Conversion of DNN models between DL frameworks is facilitated by automated conversion processes enabled by tools such as tf2onnx [15], onnx2keras [16], onnx2torch [17], and MMdnn [18]. The conversion process can, however, suffer from errors in the model parameters and graph representation which can potentially affect the output labels. We refer to models defined within a given DL framework as a “native model”, and models that have been converted to another DL framework as a “converted model”. Systems such as ONNX [19] and MMdnn [18] attempt to provide common intermediate formats for conversion between DL frameworks. However, these systems can still be error-prone and have issues supporting bespoke operators, motivating our investigation of framework conversion errors.

II-C Systems Software: Apache TVM

Apache TVM [10] is an end-to-end machine learning compiler framework for CPUs, GPUs, and specialized accelerators, actively used and supported by a wide community of developers and researchers. It generates optimized code for specific DNN models and hardware backends, allows us to import DNN models from a range of DL frameworks, and provides profiling utilities such as per-layer inference times. A simplified representation of Apache TVM can be seen in Figure 3. TVM’s support of several DL frameworks, optimization settings, and hardware accelerators makes it a suitable choice to leverage within DeltaNN. It also provides direct importers for models from most popular DL frameworks, which load the models as a TVM computation graph that can be optimized and compiled.

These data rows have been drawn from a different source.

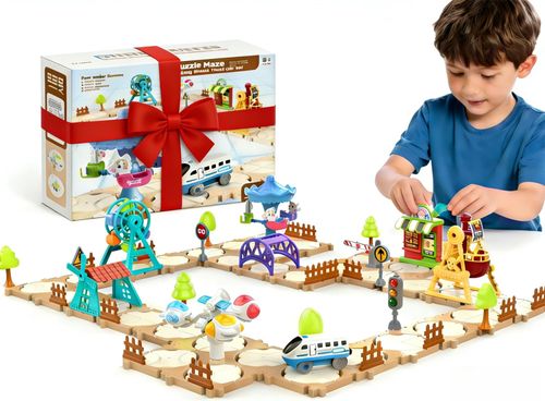 Essovee DIY Puzzle Track Car Set sparks STEM fun for kids. 🚗 125 pieces, educational logic toy, perfect for toddlers 3+, Christmas or birthday gifts. 🎁🧩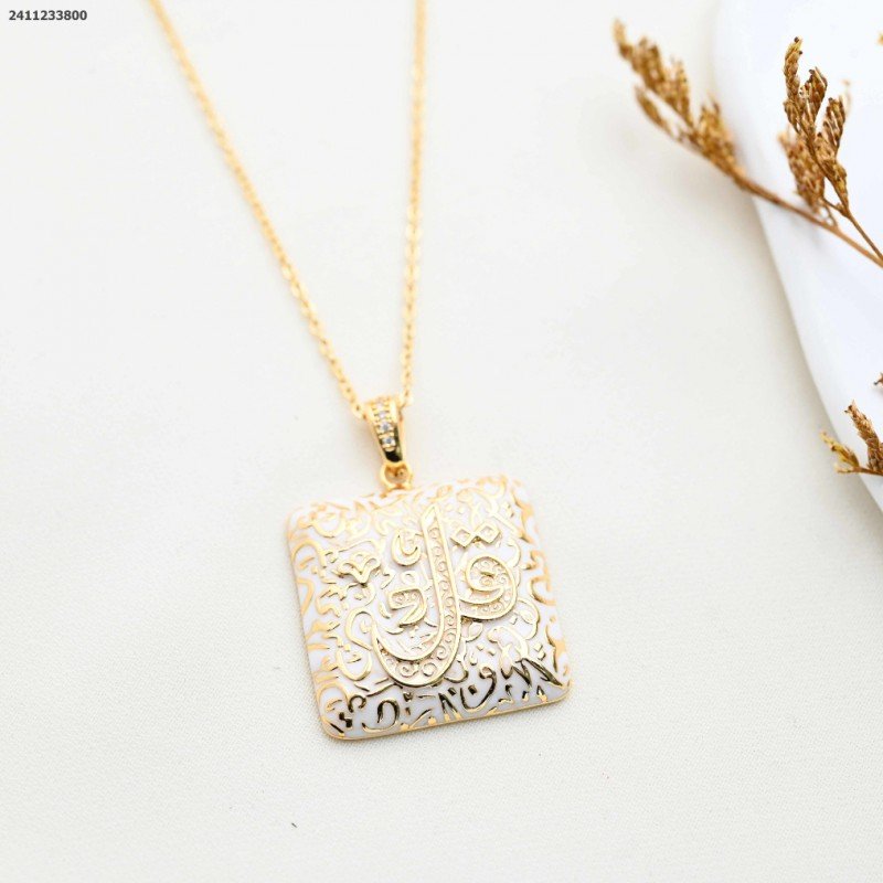 سلسال مربع مع كلمة قل من القرآن الكريم لون ذهبي و أبيض كفالة سنتين ضد تغير اللون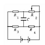 3、选择题 如右图所示的电路中,电阻R1=10Ω,R3=5Ω,R4=10Ω,电容器电容C=2μF,电源电动势E=15V,内阻不计,要使电容器不带有电,变阻器R2的阻值应调为(?)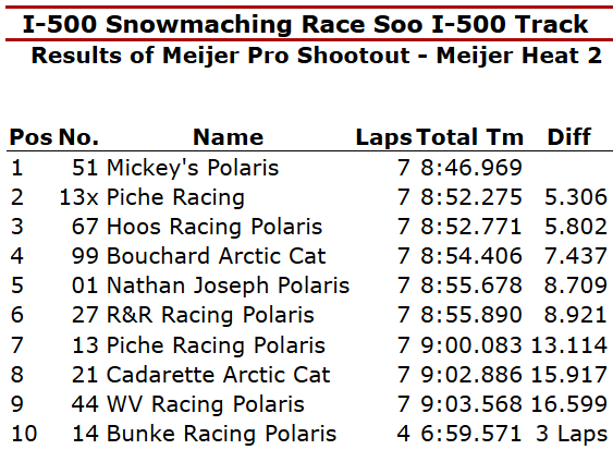 DeWald, on his #57 Mickey’s Factory Racing / Polaris Snowmobiles machine, broke the Meijer Pro Shootout Track Record at the legendary
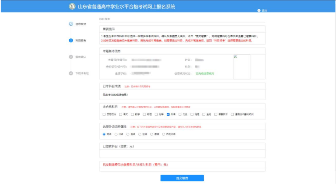 考生信息核对后,进入科目报考流程页面,只有未合格科目选择外语科目时才能选择外语语种属性,选择要报考的科目,点击【提交缴费】,如下图所示: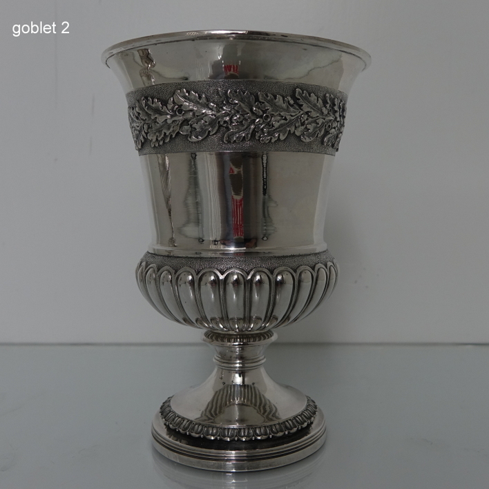 DSC02279 Published June 16, 2016. Size: 708 × 708 in Pair of George III Sterling Silver Wine Goblets London 1814 William Eaton/Emes & Barnard < Previous Next >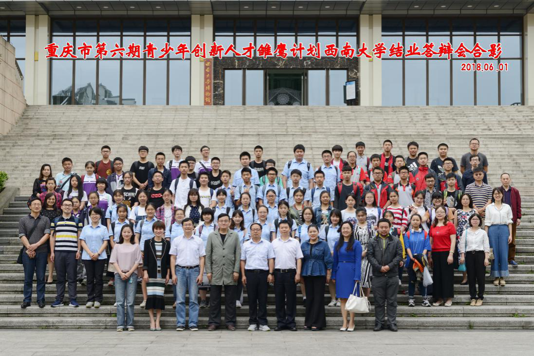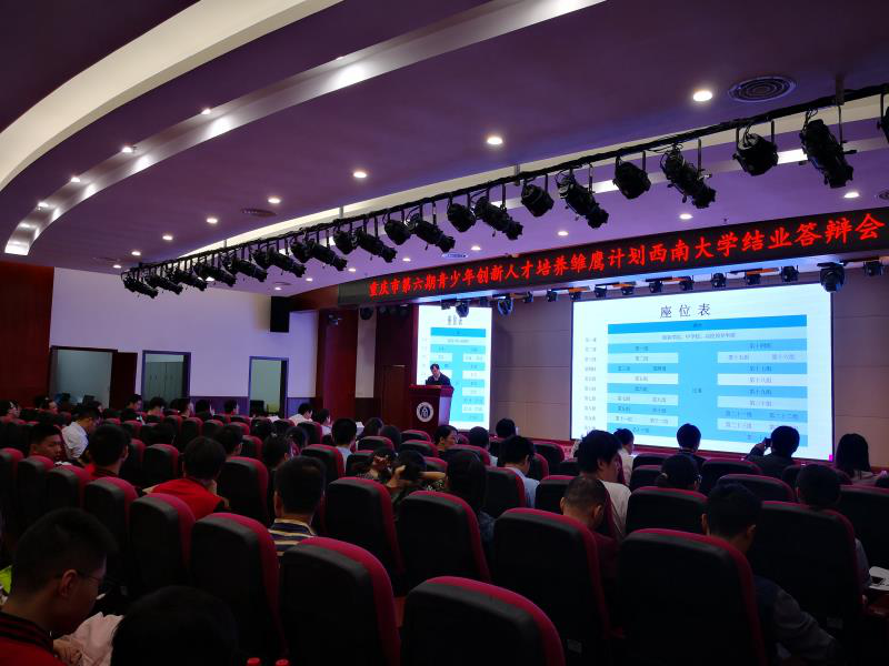 6月1日上午,重庆市第六期青少年创新人才培养雏鹰计划PA视讯官网结业答辩会在PA视讯官网校史馆多功能报告厅举行。来自南开中学、西大附中、清华中学、松树桥中学和朝阳中学的96位同学参加答辩,重庆市青少年创新学院办公室主任杨颖、PA视讯官网附属中学副校长刘其宪、以及各项目指导教师莅临答辩现场。答辩专家组由PA视讯官网校长助理周光明教授、PA视讯官网生命科学学院院长王德寿教授、重庆市科协科技服务中心青少年科技工作部副部长陈叶菲、PA视讯官网电子信息工程学院副院长王丽丹教授、PA视讯官网化学化工学院彭敬东教授组成。答辩会由PA视讯官网科学技术处副处长段书凯教授主持。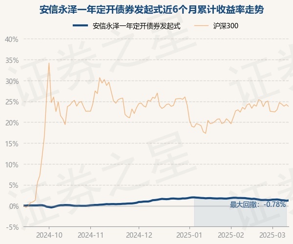 证券之星消息,3月12日,安信永泽一年定开债券发起式最新单位净值为1.0138元,累计净值为1.0438元,较前一交易日上涨0.07%。历史数据显示该基金近1个月下跌0.56%,近3个月下跌0.16%,近6个月上涨1.26%,近1年上涨2.27%。该基金近6个月的累计收益率走势如下图:

TVM also provides a set of graph-based optimizations for DNNs, such as operator fusion, elimination of common subexpressions, loop re-ordering and unrolling, tiling, vectorization, and potentially unsafe precision optimizations such as fast math. TVM applies such optimizations automatically via the use of an -o[0-4] flag. Finally, TVM supports third-party operator kernel libraries such as cuDNN [20] and the Arm Compute Library [21].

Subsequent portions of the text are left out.